• _WHAT IS REQUIRED_
Of the material below, only the lines from the line containing "Disponemos de un" down to the line containing "La forma della" belong in the answer, written out exactly.

• _RECORDS SUPPLIED_
• • • • • • •

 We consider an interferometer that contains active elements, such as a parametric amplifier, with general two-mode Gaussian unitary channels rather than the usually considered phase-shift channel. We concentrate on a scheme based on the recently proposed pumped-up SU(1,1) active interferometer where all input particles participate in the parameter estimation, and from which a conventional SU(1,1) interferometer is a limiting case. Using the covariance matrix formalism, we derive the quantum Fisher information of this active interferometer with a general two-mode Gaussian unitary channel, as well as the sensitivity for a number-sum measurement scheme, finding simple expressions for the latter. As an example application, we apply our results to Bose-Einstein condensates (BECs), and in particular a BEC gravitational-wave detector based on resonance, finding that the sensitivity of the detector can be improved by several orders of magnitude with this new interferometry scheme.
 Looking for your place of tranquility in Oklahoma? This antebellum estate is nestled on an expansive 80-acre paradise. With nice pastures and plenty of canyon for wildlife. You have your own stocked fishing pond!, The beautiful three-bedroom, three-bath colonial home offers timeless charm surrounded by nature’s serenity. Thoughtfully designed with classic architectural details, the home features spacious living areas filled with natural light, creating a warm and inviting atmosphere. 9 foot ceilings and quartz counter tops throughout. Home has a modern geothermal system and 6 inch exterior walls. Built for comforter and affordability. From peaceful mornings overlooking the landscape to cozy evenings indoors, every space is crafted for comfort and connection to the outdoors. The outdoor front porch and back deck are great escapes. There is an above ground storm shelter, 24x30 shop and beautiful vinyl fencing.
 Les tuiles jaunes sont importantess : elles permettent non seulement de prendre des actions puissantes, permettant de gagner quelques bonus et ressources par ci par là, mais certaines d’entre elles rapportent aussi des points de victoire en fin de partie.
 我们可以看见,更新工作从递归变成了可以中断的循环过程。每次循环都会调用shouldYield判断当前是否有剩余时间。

• • • • • • •

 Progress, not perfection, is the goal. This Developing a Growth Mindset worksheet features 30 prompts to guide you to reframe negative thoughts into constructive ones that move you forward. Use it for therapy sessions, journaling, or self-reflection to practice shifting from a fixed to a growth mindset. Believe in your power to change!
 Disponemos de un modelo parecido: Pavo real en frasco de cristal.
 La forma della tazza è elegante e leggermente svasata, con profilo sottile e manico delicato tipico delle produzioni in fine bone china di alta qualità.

• • • • • • •

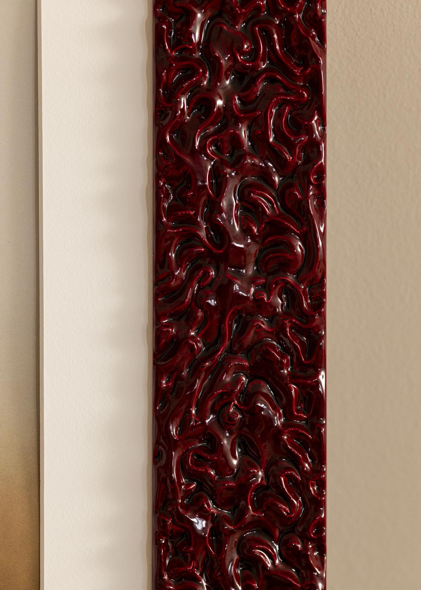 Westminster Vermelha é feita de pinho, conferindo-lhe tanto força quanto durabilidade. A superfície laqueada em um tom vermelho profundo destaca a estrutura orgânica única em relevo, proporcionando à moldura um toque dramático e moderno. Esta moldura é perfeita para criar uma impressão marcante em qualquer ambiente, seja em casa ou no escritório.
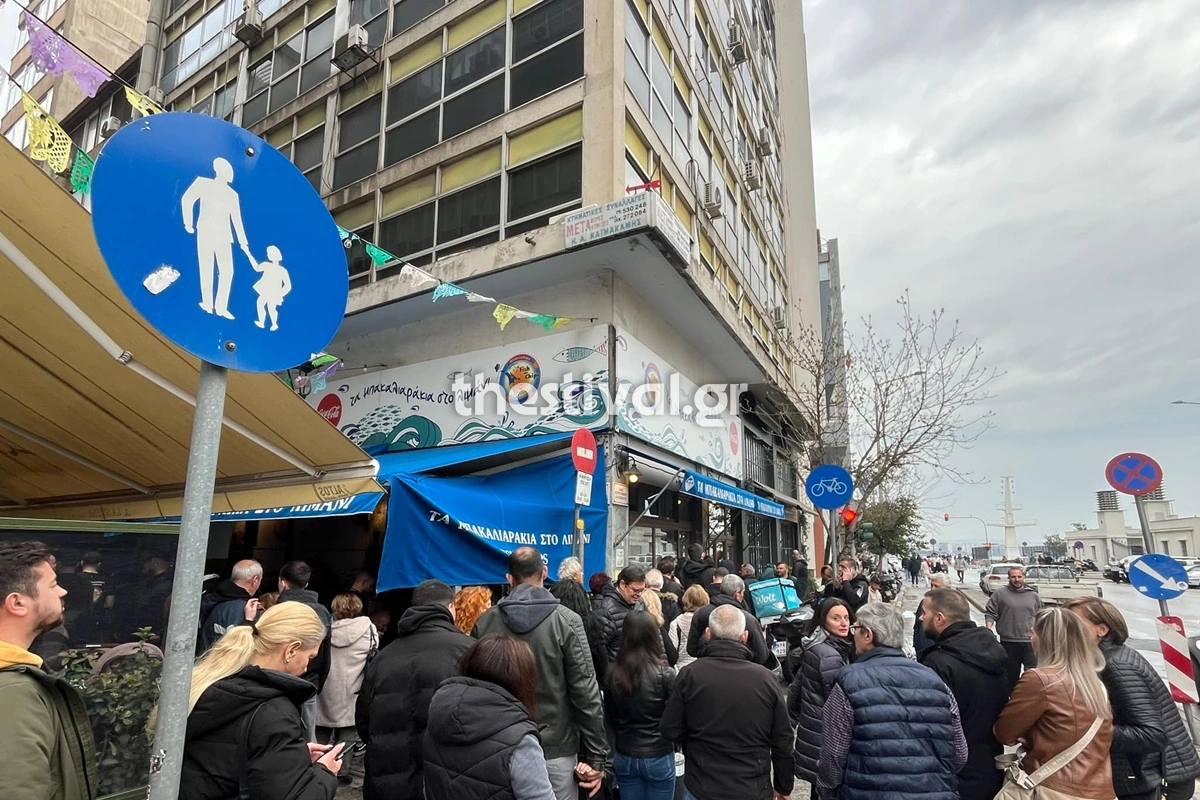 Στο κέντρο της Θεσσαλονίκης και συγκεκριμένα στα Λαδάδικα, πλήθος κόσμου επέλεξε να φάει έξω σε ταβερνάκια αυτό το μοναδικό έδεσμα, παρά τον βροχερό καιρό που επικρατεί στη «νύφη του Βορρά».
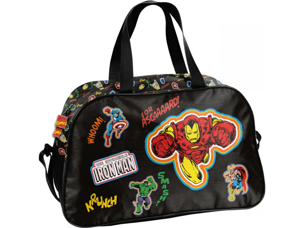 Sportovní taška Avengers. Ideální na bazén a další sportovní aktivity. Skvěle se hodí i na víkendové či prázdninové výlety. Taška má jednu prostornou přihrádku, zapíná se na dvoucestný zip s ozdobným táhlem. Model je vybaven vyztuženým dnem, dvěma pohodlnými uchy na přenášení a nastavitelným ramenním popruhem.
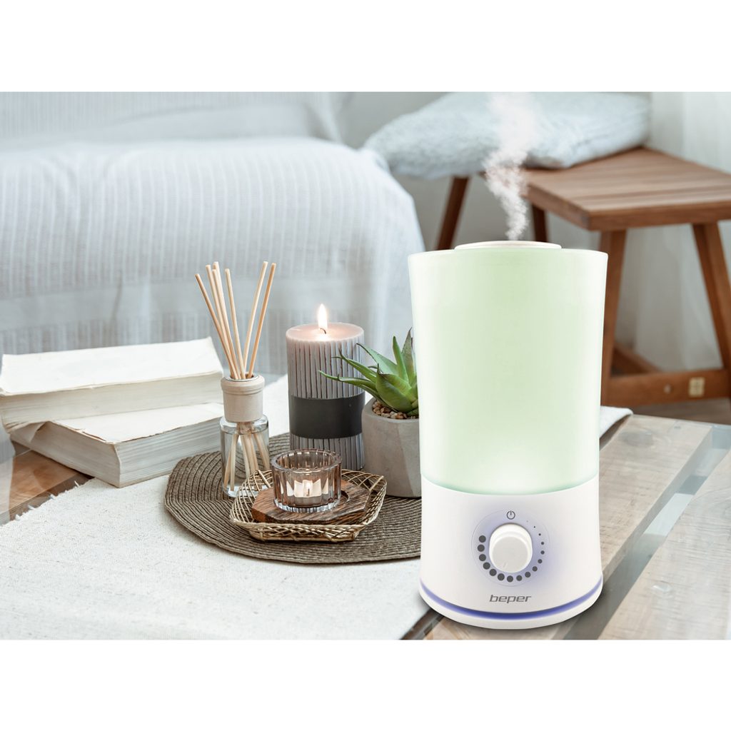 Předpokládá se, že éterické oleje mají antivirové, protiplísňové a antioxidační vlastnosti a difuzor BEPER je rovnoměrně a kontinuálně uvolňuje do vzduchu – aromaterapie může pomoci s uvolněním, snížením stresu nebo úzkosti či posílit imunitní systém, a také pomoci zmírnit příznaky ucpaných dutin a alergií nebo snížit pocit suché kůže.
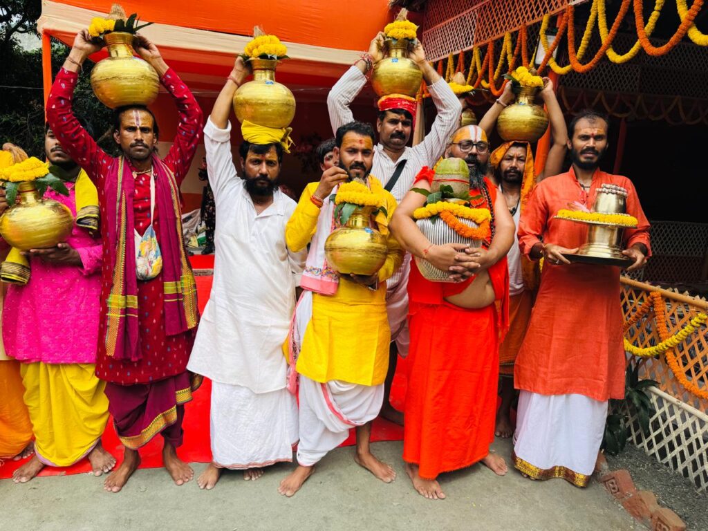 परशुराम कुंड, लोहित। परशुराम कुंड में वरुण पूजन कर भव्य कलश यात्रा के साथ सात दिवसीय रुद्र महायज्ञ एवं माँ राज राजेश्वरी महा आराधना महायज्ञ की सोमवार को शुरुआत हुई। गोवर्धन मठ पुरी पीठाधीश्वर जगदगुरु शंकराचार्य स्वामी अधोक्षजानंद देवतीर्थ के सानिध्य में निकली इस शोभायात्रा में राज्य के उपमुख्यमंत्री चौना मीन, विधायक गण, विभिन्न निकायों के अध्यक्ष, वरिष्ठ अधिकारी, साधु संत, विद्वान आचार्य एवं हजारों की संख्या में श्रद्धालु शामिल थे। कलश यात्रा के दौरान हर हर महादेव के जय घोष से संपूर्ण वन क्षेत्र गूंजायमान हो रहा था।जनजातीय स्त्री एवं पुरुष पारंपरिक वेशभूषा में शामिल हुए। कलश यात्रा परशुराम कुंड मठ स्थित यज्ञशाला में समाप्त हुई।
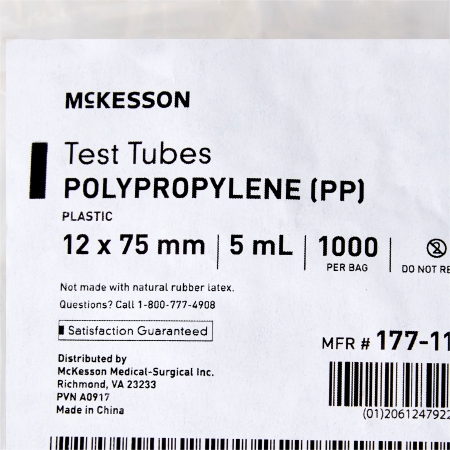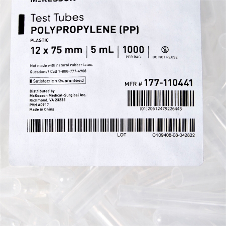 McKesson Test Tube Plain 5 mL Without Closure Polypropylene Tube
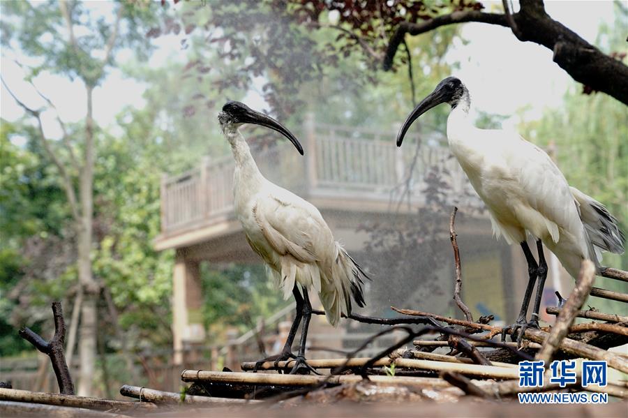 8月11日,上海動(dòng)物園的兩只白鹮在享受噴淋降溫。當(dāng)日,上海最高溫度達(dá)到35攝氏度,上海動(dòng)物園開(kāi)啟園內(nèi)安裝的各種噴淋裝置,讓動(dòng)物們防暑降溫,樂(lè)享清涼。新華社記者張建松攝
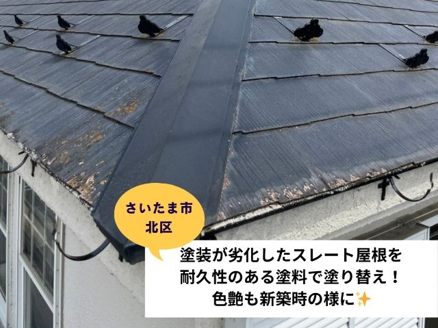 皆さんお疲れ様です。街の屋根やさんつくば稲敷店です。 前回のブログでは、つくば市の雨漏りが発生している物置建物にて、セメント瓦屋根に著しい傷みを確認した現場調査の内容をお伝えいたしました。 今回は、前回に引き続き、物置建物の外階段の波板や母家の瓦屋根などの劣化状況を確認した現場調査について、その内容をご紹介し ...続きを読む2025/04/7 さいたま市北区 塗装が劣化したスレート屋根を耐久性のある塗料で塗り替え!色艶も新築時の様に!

• • • • • • •

• _ANSWER BOX_
 Disponemos de un modelo parecido: Pavo real en frasco de cristal.
 La forma della tazza è elegante e leggermente svasata, con profilo sottile e manico delicato tipico delle produzioni in fine bone china di alta qualità.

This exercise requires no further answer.